# Requirement
The required output is the exact run of lines in the listing below from the line holding "Dès les premières" through the line holding "Next we found", with no pictures.

# Available data
--- --- ---

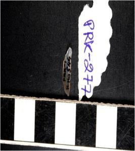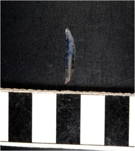 | Description / विवरण | A chalcedony small crescent shaped lunate with blunt straight edge and a sharpened curved cutting edge. |
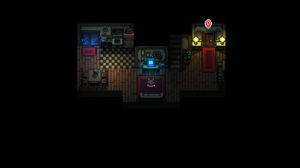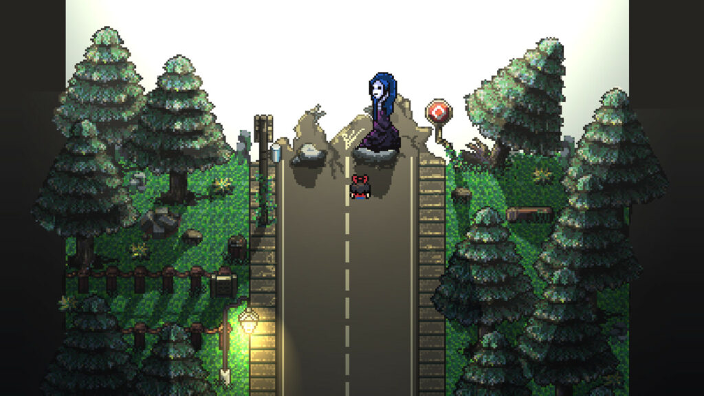 Dès les premières minutes, Red Bow: Strange Dream impose sa patte artistique singulière. Si vous êtes familier avec les travaux précédents du studio, vous retrouverez immédiatement cette esthétique pixel art en vue de dessus, qui rappelle l’âge d’or des jeux d’aventure 16-bits, mais avec une touche de modernité indéniable. La direction artistique est maîtrisée, offrant des décors à la fois colorés et profondément inquiétants. Le contraste entre l’apparence presque enfantine des personnages et la noirceur des thèmes abordés (suicide, mal-être, entités grotesques) crée un malaise constant et efficace. L’ambiance sonore n’est pas en reste, avec une bande originale inédite qui accompagne parfaitement l’exploration, oscillant entre mélancolie et tension pure. C’est propre, c’est beau, et cela prouve une nouvelle fois que le pixel art reste un vecteur d’émotion puissant lorsqu’il est bien utilisé.
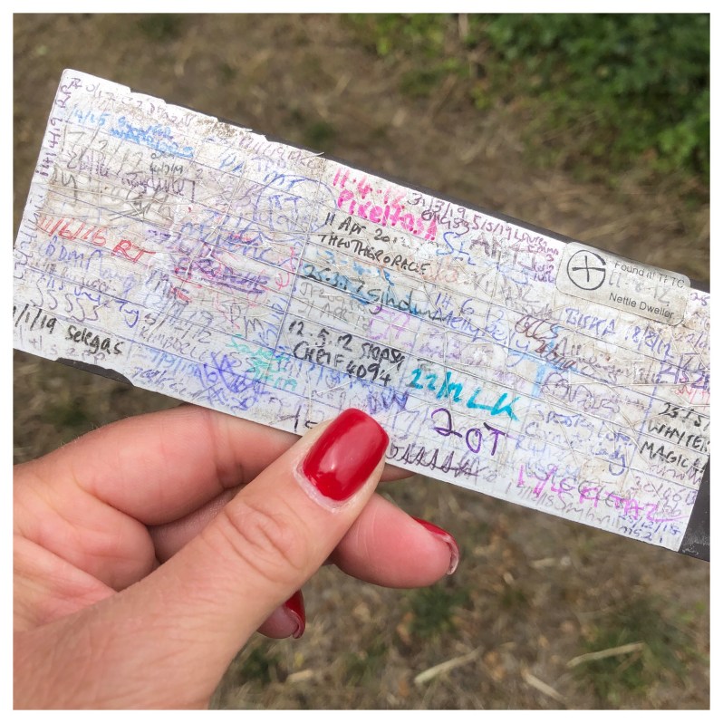 Next we found a couple of novelty caches. – this one had a very full log.
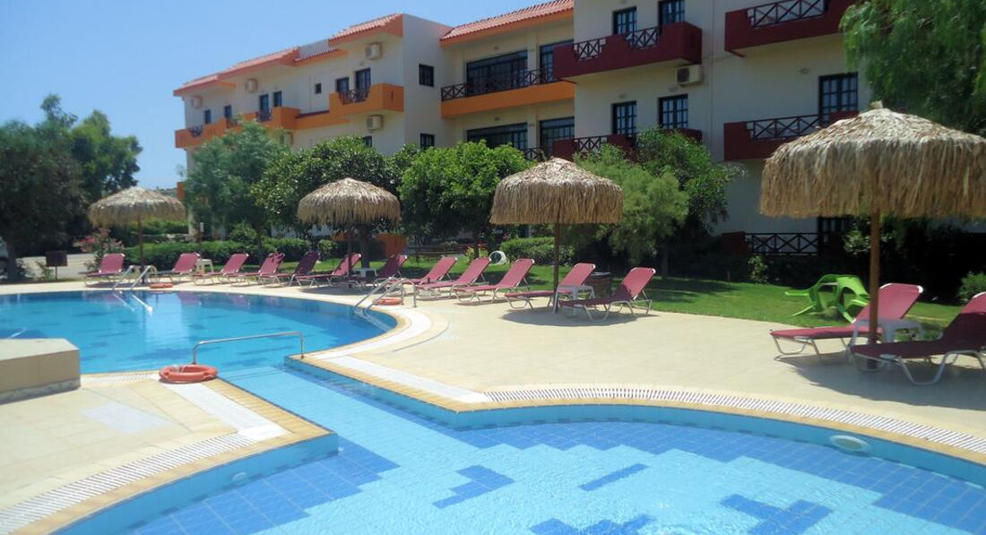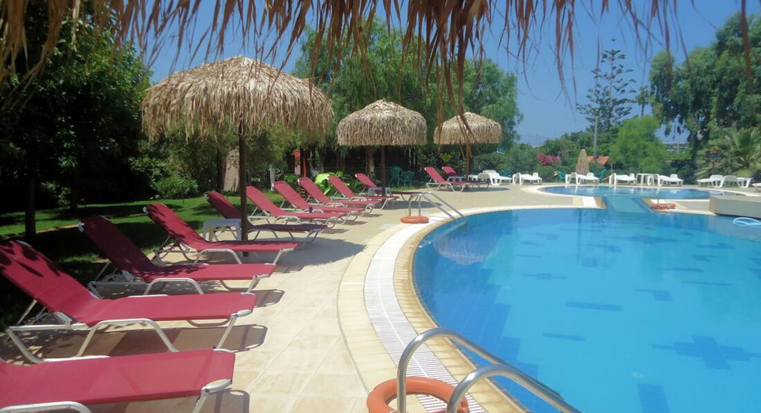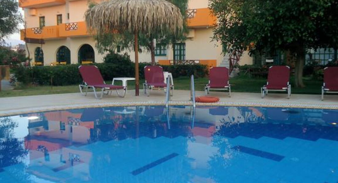 Територія та послуги: • снек-бар (легкі закуски та напої, критська кухня, сервірування сніданків) • сад та тераса • wi-fi на території • автопарковка • оренда велосипедів • оренда автомобілів • поле для гольфу (3 км) Розваги та спорт: • відкритий басейн • гольф Живлення: • RO – без живлення. • BB – сніданок. Пляж: Громадський піщаний пляж за 400 м від готелю. Парасольки, шезлонги – платно. Пляжні рушники – не надаються. До сплати приймаються кредитні картки: До сплати не приймаються банківські картки.

--- --- ---

# Solution for this exercise
 Dès les premières minutes, Red Bow: Strange Dream impose sa patte artistique singulière. Si vous êtes familier avec les travaux précédents du studio, vous retrouverez immédiatement cette esthétique pixel art en vue de dessus, qui rappelle l’âge d’or des jeux d’aventure 16-bits, mais avec une touche de modernité indéniable. La direction artistique est maîtrisée, offrant des décors à la fois colorés et profondément inquiétants. Le contraste entre l’apparence presque enfantine des personnages et la noirceur des thèmes abordés (suicide, mal-être, entités grotesques) crée un malaise constant et efficace. L’ambiance sonore n’est pas en reste, avec une bande originale inédite qui accompagne parfaitement l’exploration, oscillant entre mélancolie et tension pure. C’est propre, c’est beau, et cela prouve une nouvelle fois que le pixel art reste un vecteur d’émotion puissant lorsqu’il est bien utilisé.
 Next we found a couple of novelty caches. – this one had a very full log.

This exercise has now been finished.